What is needed
Output the data in full. Keep every word exact and exclude the pictures.

Data
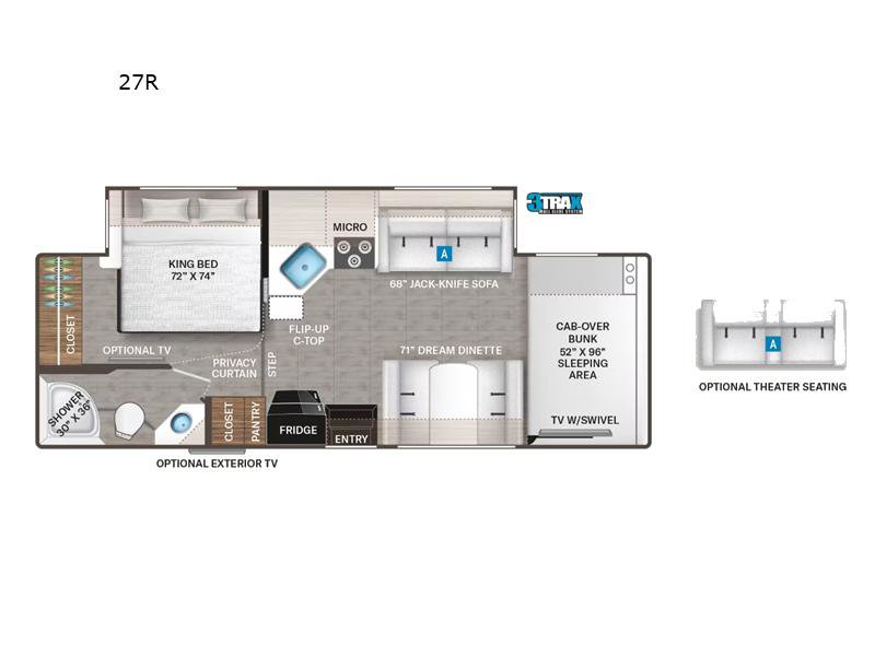 Sleep like a king each time you take this coach on vacation! You and your favorite person will always get a good night's rest even when you have family or friends staying over on the cab over bunk and furniture, plus you can close the privacy curtain if needed. You will have a rear closet for your clothing, and you might choose to add the optional 32" TV to watch your own shows at night. Everyone can take turns getting cleaned up in the full bathroom with a 30" x 36" shower, and there is a closet just outside to stow linens or guest's belongings. The kitchen amenities include a gas cooktop with a glass cover and a microwave oven with option to add a convection microwave oven, and a large stainless steel sink on one side and a double door refrigerator and pantry on the other giving you everything you need to feed everyone. And the jack-knife sofa plus the dream dinette offer a cozy place to visit.
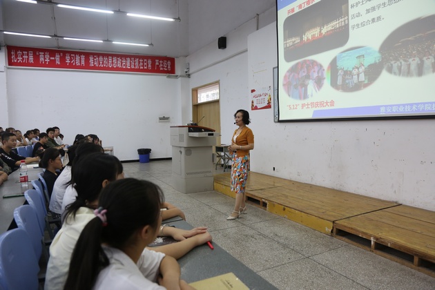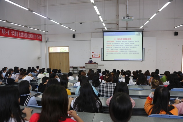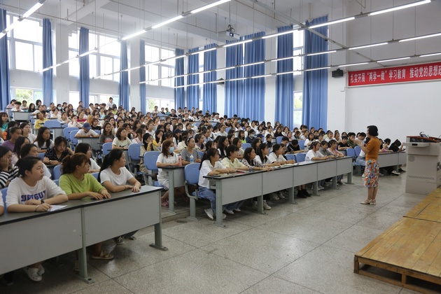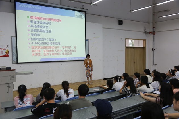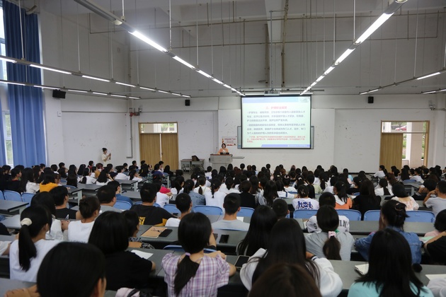 丹桂飘香,金秋送爽。9月14日,w66利来旗舰厅分别在青年路图阶101、102和育才路教214开展了2021级新生入学教育。由w66利来旗舰厅经理王静、副经理李婧、党总支书记杨泽刚、副书记张翅、基护教研室主任陈俊主讲,新生辅导员及1400余名新生参加入学教育。
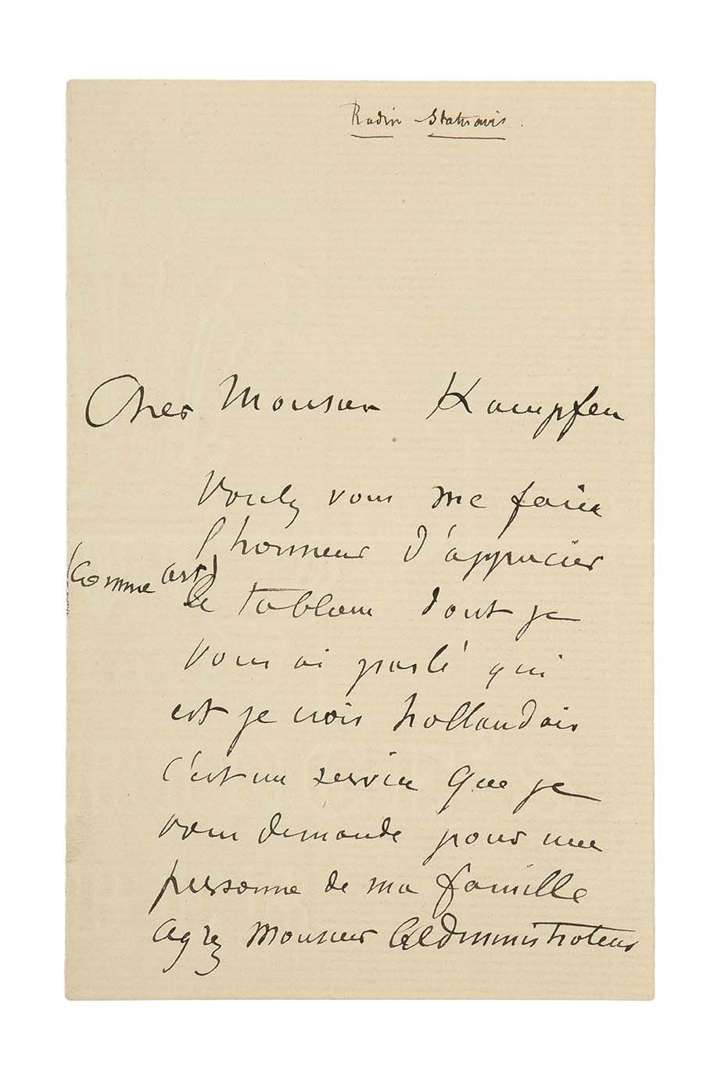 L.A.S. «A. Rodin», 26 juin 1896, à Albert KAEMPFEN, «administrateur du Louvre» | 1 page et demie in-8.

Task output
 Sleep like a king each time you take this coach on vacation! You and your favorite person will always get a good night's rest even when you have family or friends staying over on the cab over bunk and furniture, plus you can close the privacy curtain if needed. You will have a rear closet for your clothing, and you might choose to add the optional 32" TV to watch your own shows at night. Everyone can take turns getting cleaned up in the full bathroom with a 30" x 36" shower, and there is a closet just outside to stow linens or guest's belongings. The kitchen amenities include a gas cooktop with a glass cover and a microwave oven with option to add a convection microwave oven, and a large stainless steel sink on one side and a double door refrigerator and pantry on the other giving you everything you need to feed everyone. And the jack-knife sofa plus the dream dinette offer a cozy place to visit.
 丹桂飘香,金秋送爽。9月14日,w66利来旗舰厅分别在青年路图阶101、102和育才路教214开展了2021级新生入学教育。由w66利来旗舰厅经理王静、副经理李婧、党总支书记杨泽刚、副书记张翅、基护教研室主任陈俊主讲,新生辅导员及1400余名新生参加入学教育。
 L.A.S. «A. Rodin», 26 juin 1896, à Albert KAEMPFEN, «administrateur du Louvre» | 1 page et demie in-8.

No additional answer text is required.